The cut‐off points of waist circumference for MetS suggested by the NCEP‐ATP III (102 cm for men and 88 cm for women) are accepted in Western countries and there are no studies that consider whether the optimal cut‐off value should be revised. In contrast, several studies that were carried out in Asian countries show that the cut‐off values should be lower than those of the NCEP‐ATP III (Table 2)16–21. Although the cut‐off values are defined by the IDF for Asian populations as 90 cm for men and 80 cm for women, several studies from Korea18,20,21 and China19 suggest that the optimal cut‐off points are different from those of the IDF. Taking these findings together with those of the studies from Japan (Table 1) and Asian countries (Table 2), ethnic differences are likely to exist between populations across Asia, and the criteria for defining MetS in Japan needs to be revised.

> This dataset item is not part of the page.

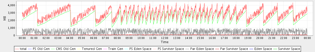 avg(total) = 2921.63 avg(PS Old Gen) = 0.00 avg(CMS Old Gen) = 2337.21 avg(Tenured Gen) = 0.00 avg(Train Gen) = 0.00 avg(PS Eden Space) = 0.00 avg(PS Survivor Space) = 0.00 avg(Par Eden Space) = 497.94 avg(Par Survivor Space) = 86.48 avg(Eden Space) = 0.00 avg(Survivor Space) = 0.00
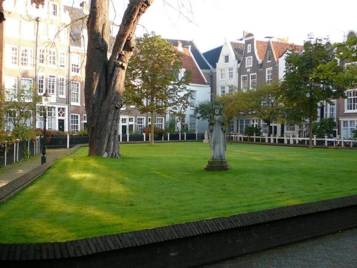 Although attached to the Catholic Church the women weren't nuns or took vows. They lived a Christian lifestyle as lay sisters with much more freedom than ordained nuns but were still accorded the title of Sisters by the outside community. During the 16th century, when the Netherlands turned to Calvinism and Catholicism was banned, the Beguines were still allowed remain and it became the only bastion of Catholicism within the country. They did maintain a clandestine chapel for a time, but that was eventually closed down. The last Sister to live there died in 1971.

Table 2.  Reports on optimal cut‐off point of waist circumference for the diagnosis of metabolic syndrome in Asian countries.

Country (reference number) No. subjects Cut‐off point for men (cm) Cut‐off point for women (cm)
Singapore16 4723 90 80
India17 640 90 80
Korea18 6561 85 80
China19 1140 90 85
Korea20 31,076 83 76
Korea21 4677 84–86 78–80

The present study has potential limitations. First, the subjects enrolled in our study chose to undergo annual health examinations; they were therefore more health‐conscious than average, which might have caused some bias in the current study. Second, the cross‐sectional study design makes it difficult to infer causality between waist circumference and metabolic risk factors. Finally, it is still controversial whether or not the waist circumference cut‐off values of MetS are significant predictors of cardiovascular events. McNeil et al. assessed the association between MetS, using the NCEP III definition, and CVD with an 11‐year follow‐up period, and they reported that waist circumference is not a significant predictor for CVD22. Therefore, our findings are not fully applicable to clinical and public health practice settings. Further studies are needed to prospectively relate the accumulation of visceral fat to the presence of risk factors of CVD.

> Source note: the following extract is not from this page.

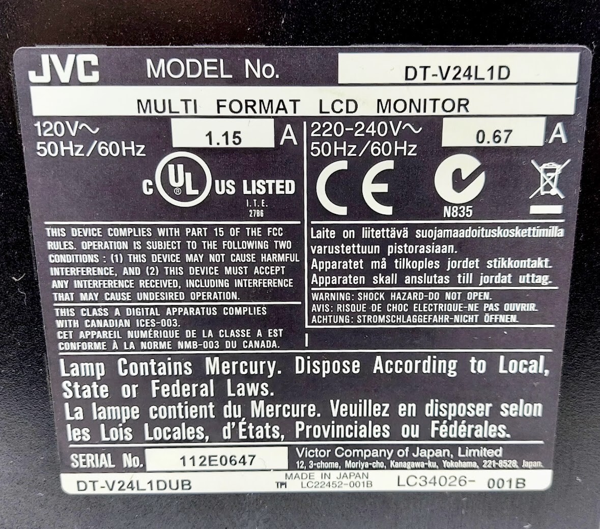 JVC DT-V24L1D 24 Multi-Format Professional HD LCD Studio Monitor

In conclusion, although follow‐up studies are required to prove the feasibility of the definition of MetS to predict the development of CVD, the cut‐off value of waist circumference as a criterion for MetS in Japan should be 80 cm for women based on the present results and a review of the literature.

Acknowledgment

This study was supported in part by Grants‐in‐Aid for Young Scientists (B), the Ministry of Education, Culture, Sports, Science and Technology, Japan to Dr Ogawa (21790813). No potential conflicts of interest relevant to this study were reported.